Council staff reject 1.5% pay rise over three years
Scottish council workers have rejected a three-year pay offer, paving the way for possible industrial action.
Some 80% of Unison members voted against a 1.5% rise by 2013. Unite and the GMB have already rejected the deal.
The unions want a one-year deal worth 3% or £600, whichever is greater, and a £7 minimum wage.
The Scottish government said pay restraint was needed in the public sector, while the Tories branded the move the "politics of the madhouse".
The proposed deal would have seen staff getting a 1% increase this year, followed by 0% in 2011-12 and 0.5% in 2012-13.
Stephanie Herd, who chairs Unison's Scottish local government committee, said: "This overwhelming rejection shows how strongly our members feel about an offer that is in reality a three-year pay cut.
"It is not surprising that our members feel angry and voted No, when chief officials in local authorities were awarded 2.5% and teachers 2.4%.
"It is unacceptable to attempt to tie many of the lowest paid public sector workers, who deliver essential frontline services, into a three-year deal worth 1.5%."
A report last week on the funding cuts facing Scotland over the coming years warned that up to 60,000 jobs - or one in 10 - could go in the public sector, depending on levels of pay restraint.
A two-year pay freeze is planned for public servants south of the border, except full-time workers who earn less than £21,000, who will get an annual rise of £250.
The Scottish unions will meet later in the week to decide their next move.
But Unison lead negotiator Dougie Black said: "Industrial action is one of a range of possible options we will be considering.
"We will also be seeking an early meeting with the employers to reopen negotiations following this decisive rejection of their offer."
Tory finance spokesman Derek Brownlee said: "Thousands more jobs will be lost if workers demand a pay rise on this scale.
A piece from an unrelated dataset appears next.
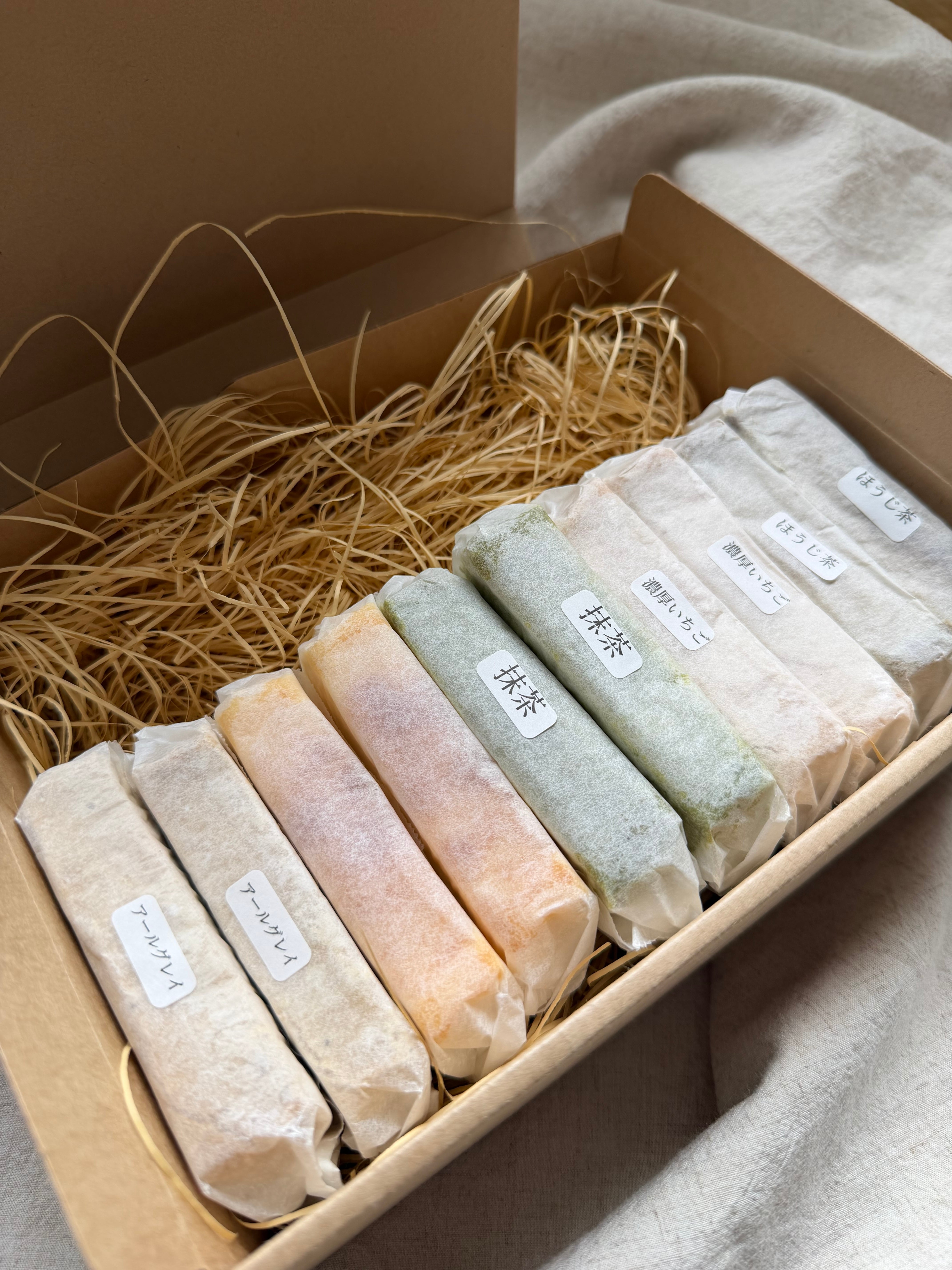 (プレーン×2、アールグレイ×2、濃厚いちご×2、ほうじ茶×2、濃い抹茶×2)

It's time the unions saw sense."
Liberal Democrat finance spokesman Jeremy Purvis said those earning less than £21,000 should get a pay rise with restraint, but that the pay bill for those making more than £80,000 should be cut.
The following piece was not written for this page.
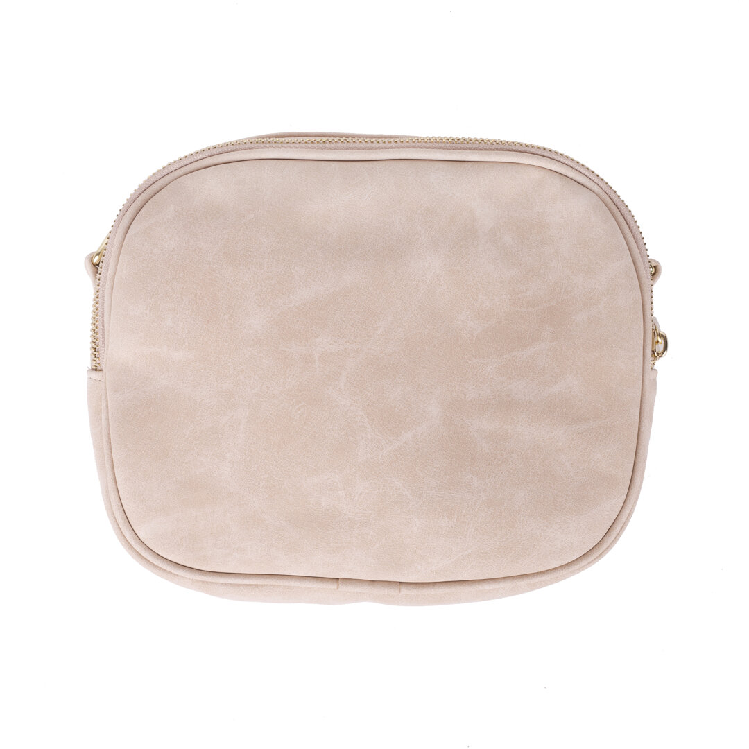 The handbag has one large pocket with two zippers on the top edge and a small interior pocket for small items. The strap is made of eco-leather and cotton in a natural color. You can adjust the length of the shoulder strap to your liking, or you can detach the strap completely and carry the handbag in your hand.

"This is fair and will help to reduce the deficit and means that those who earn the most shoulder more of the burden," he said.
The pay of local authority staff is a matter for councils, but a Scottish government spokesman said the funding allocated to councils has been increasing.
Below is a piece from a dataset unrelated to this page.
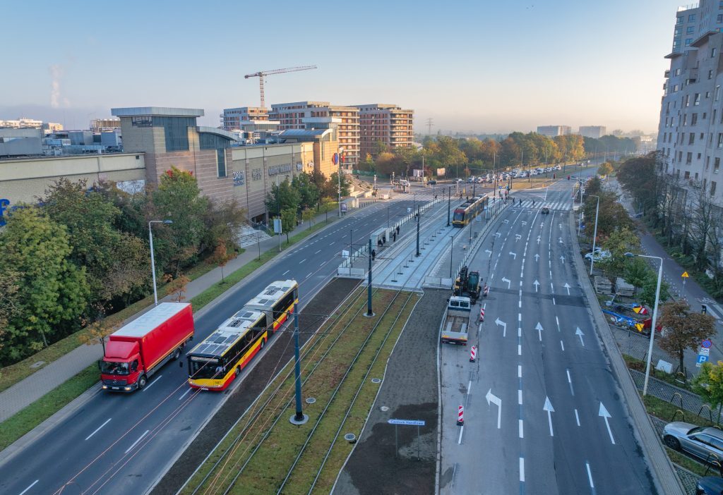 The comprehensive upgrade of Słomińskiego Street is now progressing as the tramways have finished track replacement and the road works will address curbs before laying new asphalt.

He added: "The finance secretary has been clear that pay restraint in the public sector is needed in the years ahead."
The local government organisation Cosla said there was a strong likelihood that no offer would now be made for 2010-11.
Councillor Michael Cook of Cosla said it had already been made clear that the offer represented "the absolute extremity" of what councils could afford, and he added that it was felt by some to be beyond the limits of affordability.
He described the offer as a "good deal" in unprecedented circumstances.
"Employers were only able to offer this level of pay increase by making it part of a three-year deal which offered certainty for the period ahead," he said.
"Since that offer was made, the financial climate, already the worst in living memory, has become even more bitter.
"We will now consult with our members authorities."